Подушечки

Сергей Козырев 2
               

                Сёстрам, Анне Андреевне и Евгении
                Андреевне, моим бабушкам, посвящается.

       Много лет прошло с тех пор, но до сего дня я вспоминаю ту женщину, её доброе лицо и то смятение, которое внесла в мою детскую душу человеческая доброта…

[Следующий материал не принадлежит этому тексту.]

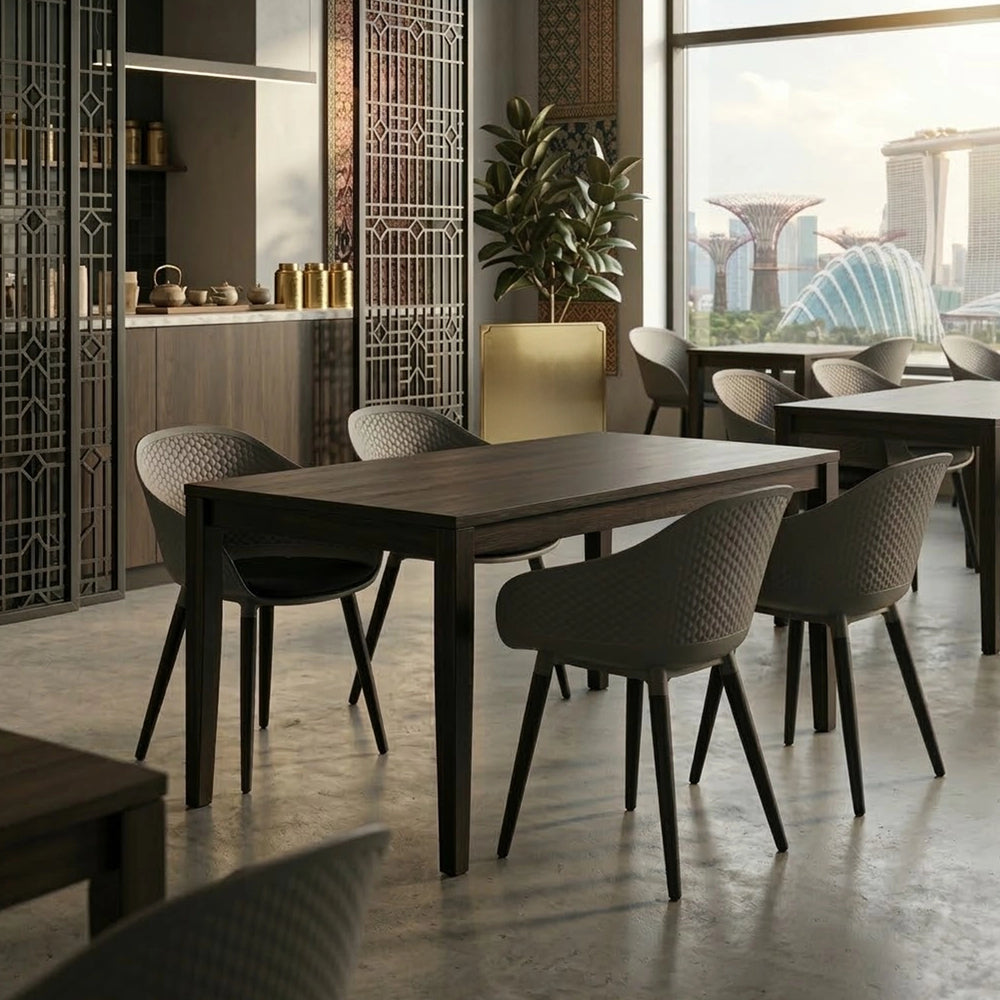 The Nexus Dining Chair features black legs and a grey seat, creating a simple and modern dining chair design. This modern dining chair is easy to match with different spaces and suitable for everyday use. It offers a comfortable seat with a clean look. A stylish dining chair that fits well in dining rooms, cafés, and shared spaces.
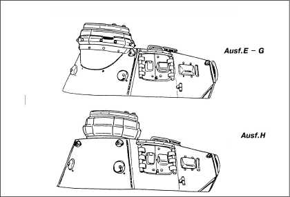 Подверглись изменениям конструкция вентиляционных отверстий силового отделения, выхлопная система и люки доступа к агрегатам механизма поворота на верхнем лобовом листе корпуса. Ближе к корме была перенесена антенна радиостанции FuG-5. Наконец, на танках Ausf.B устанавливалась новая командирская башенка, аналогичная примененной на танке Pz.IV Ausf.A.

Не помню точно, сколько тогда мне было лет – десять, а может быть, двенадцать.  Летом я жил в Киеве у своей бабушки, Евгении Андреевны Рыжутиной и её мужа и моего деда Никиты Дмитриевича. Евгения Андреевна была родной сестрой Анны Андреевны, матери моей матери. Жили мы в большой уютной квартире, поблизости от ВДНХ  - выставки достижений народного хозяйства, так тогда она называлась.  Дом был одноподъездный, в четыре этажа, построен был по немецкому проекту в первые послевоенные годы немецкими же военнопленными. В огромном дворе было множество великолепных деревьев, кустарников, цветов и газонов. Вообще, двор был похож на небольшой парк, в котором размещались четыре одинаковых немецких дома, небольшая четырёхэтажная гостиница для приезжающих на выставку и ещё несколько хозяйственных построек для обслуживания той же выставки.

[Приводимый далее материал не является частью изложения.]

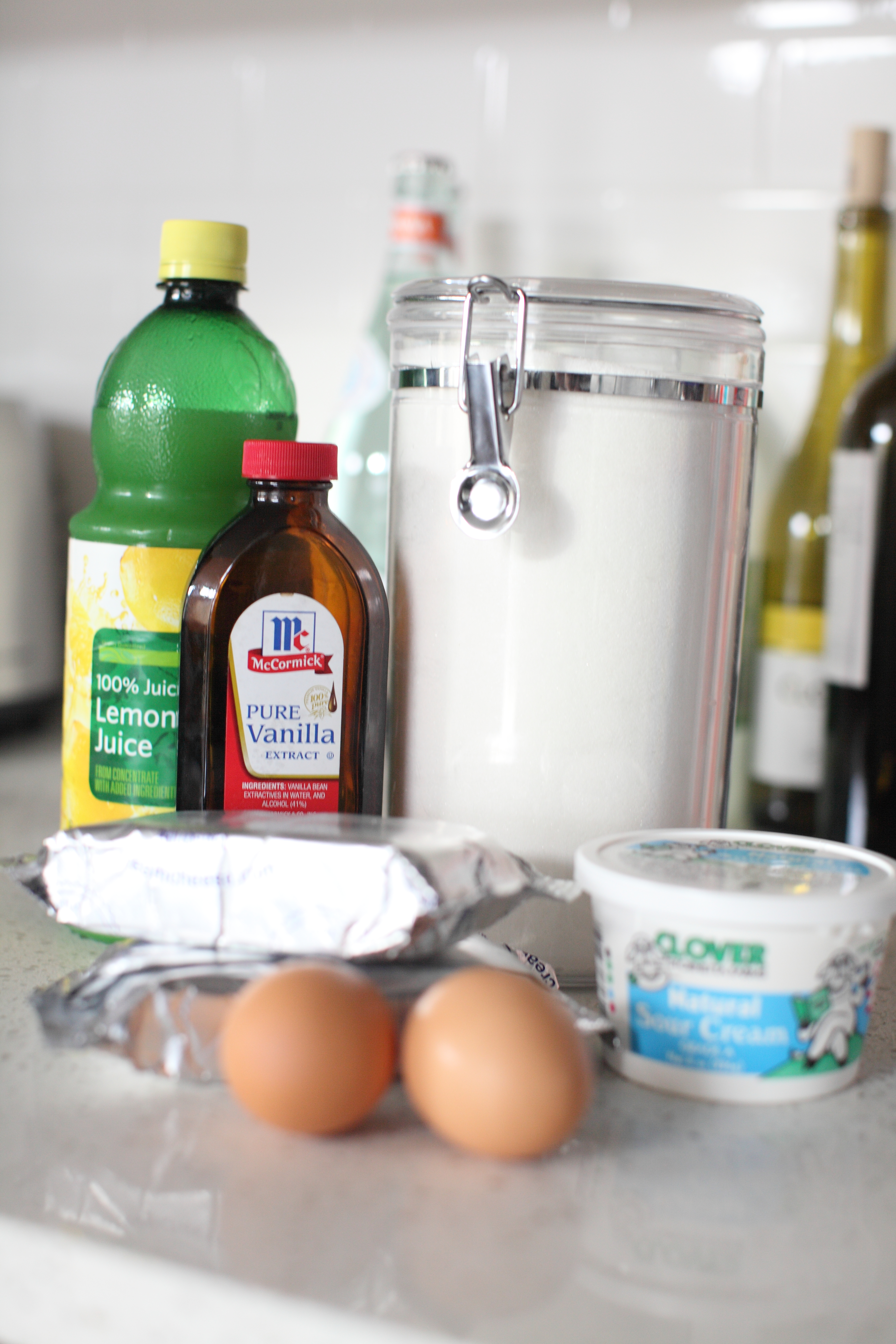 While this is baking, prepare the sour cream topping by whipping the sour cream, vanilla, and sugar in a small bowl and set aside.

            Мы, то есть мальчишки или как мы себя называли – «пацаны» - были полновластными хозяевами и духами двора. Для меня тогда этот двор был целым миром, лучшим местом на земле, так же я думаю и до сих пор. Мы были соседями и друзьями – Витька, Серёжка, Лёвка, Валерка…
            Однажды чудесным летним утром мы, то есть я с двумя моими дружками, болтались около четвёртого дома и вдруг услышали мелодию, которая нас очаровала. Это была песня, слова и музыку которой припомнить я не могу, но точно знаю, что эта песня в то время была очень модной. Музыка звучала из окон второго этажа. Магнитофонов тогда почти не было, звуки издавал проигрыватель. Между тем песня окончилась, мы растерянно переглянулись, но в этот момент песня зазвучала снова – по-видимому, она нравилась хозяевам. Чтобы лучше слышать эту завораживающую песню и не терять ни секунды, мы вбежали в подъезд, быстро поднялись на второй этаж и подошли к закрытой двери. В этой квартире жил Мишка – здоровенный рыжий парень, немного странный, сильный и грубый.  Он был намного старше нас, никогда не играл с нами, редко разговаривал, занимался спортом и мы немного побаивались его. О том, чтобы зайти в его квартиру, не могло быть и речи. Вместе с тем желание лучше  расслышать песню было таким сильным, что мы молча, растолкав  друг друга, прижались к двери.
             Видимо, наше топтание у двери не осталось без внимания и вскоре дверь открылась.  На пороге стояла женщина – не просто женщина, а ДАМА, это было видно сразу. Надо сказать, что вся женская половина человечества в нашем понимании тогда делилась на несколько категорий: малявки, девки, девочки, фифы, тётки, бабки, бабушки, старухи и, конечно, дамы.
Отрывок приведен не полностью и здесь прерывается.